実際のパニックはごく僅かなもので、当時まだ若いメディアであったラジオに対して、警戒心をあらわにしていた新聞がことさらにバッシングを行ったことが都市伝説化したものだとする説も有力である。

ラジオ番組『宇宙戦争』そのものの聴取率もきわめて低く、わずか2%にすぎなかった。

「ラジオドラマの放送直後、放送局や関係拠点を州兵が厳重警備した」「オーソン・ウェルズや放送局を相手に大量の訴訟が起こされた」といったキャントリルが引用した新聞報道も、まったくの誤報だったことが確認されている。

ウェルズ自身も後年、「パニックが起きたというのは新聞記者たちの思い込みによるでっちあげだった」と回想している。

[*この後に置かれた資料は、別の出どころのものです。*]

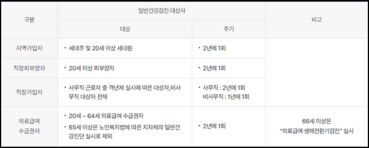 우리가 알고 있는 일반건강검진은 지역가입자, 직장피부양자, 직장가입자, 의료급여 수급권자인지 대상 여부에 따라 연령과 주기가 달라집니다.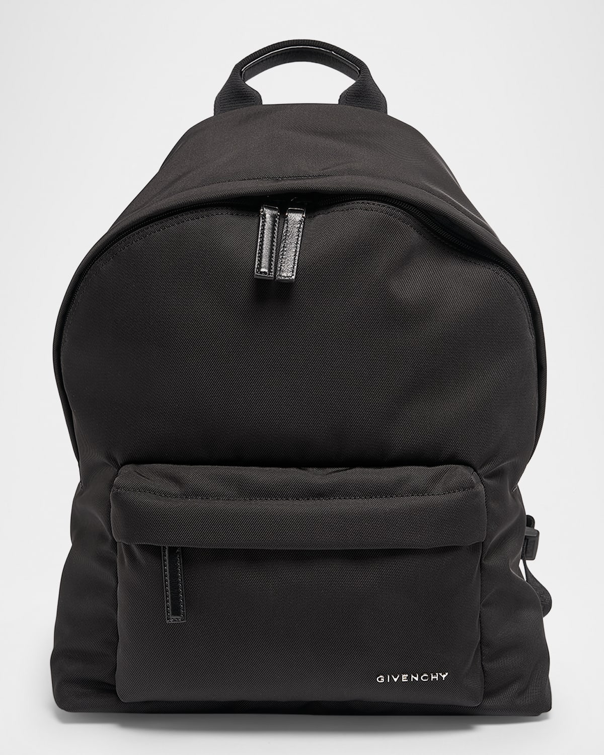 - Givenchy "Essential U" backpack in nylon showcasing subtle silvertone logo hardware on the front - Adjustable shoulder straps - Flat top handle - Two-way zip closure - Exterior, one front zip pocket - Approx. 16.9"H x 12.5"W x 7.8"D - Made in Italy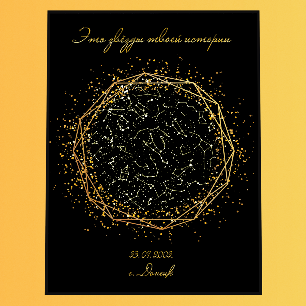Вы заказываете персональную звёздную карту — визуальный макет, отображающий расположение звёзд в конкретный момент времени и в выбранной точке на Земле. Карта создаётся на основе астрономических данных и оформляется в выбранном дизайнерском стиле.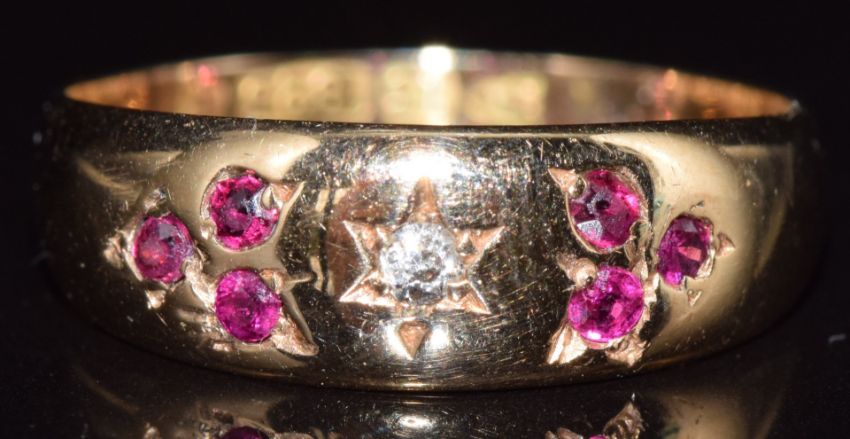 A 9ct gold ring set with a diamond and rubies, 2.4g, size N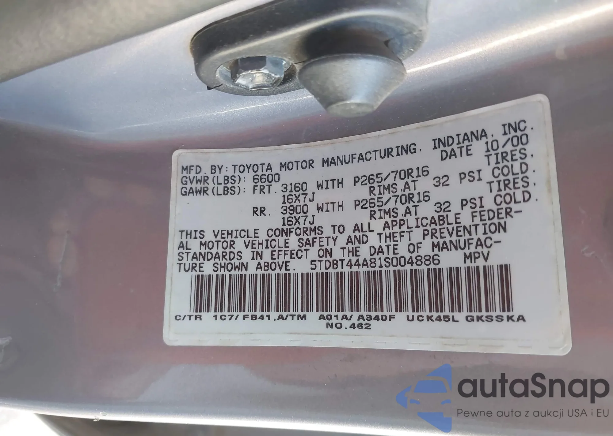 LOT: 43975777 VIN: 5TDBT48A51S050220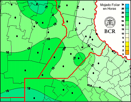 Mapa de cantidad de horas de mojado foliar en las últimas 24 horas.

しかしパニックが起きたとするセンセーショナルな新聞記事があふれ、メディアの中で事実にもとづかない都市伝説が形成されたこと自体は事実である。

またこの放送をきっかけにオーソン・ウェルズはハリウッドで急速に名声を獲得してゆく。

◼️都市伝説形成の背景

メディア研究者の佐藤卓己は最近の著作において、キャントリルの著作に書かれた「パニック」説を紹介する自らのかつての記述を批判し、「本書の記述を鵜呑みにしてきた私自身を含めてメディア研究者の責任は重い。(…)代表的著作を無批判に信用してきたことは、知的怠慢と言うべきだろう」と反省の弁を述べている。

その上で佐藤は、この「火星人襲来パニック」神話がいまも根強いのは、「商業放送や大衆社会への文化批判、ニューメディアへの不信感など、それなりの需要がいまもあるからだろう」と指摘している。

また佐藤は、放送業界にとっても、この都市伝説が「メディアの力が人々を弾丸で撃つように強力な影響力を及ぼす」という「弾丸効果」と呼ばれるメディア理論を補強するものであり、広告スポンサーに自らの力をわかりやすく説得できるため、その信憑性が疑われることなく長く受け継がれてきたのではないかと総括している。

またラジオの社会的役割を調査したアメリカの社会学者グッドマンは、このパニック伝説が、アメリカ社会における知識人と大衆との分断を感じる人々が数多くいるからこそ、その文化的断絶を裏づけるエピソードとして受容され、都市伝説として定着してきたのだろうと述べている。

◼️番組概要

↑ アメリカのニュージャージ−州にある「火星人襲来」記念碑。ウェルズの番組で「襲来ポイント」とされた場所にある。

原作は、19世紀末のイギリスに襲来した火星人の攻撃を描くH・G・ウェルズのSF小説である。これを脚本家とオーソン・ウェルズ、CBSスタッフらが翻案しドラマに使用した。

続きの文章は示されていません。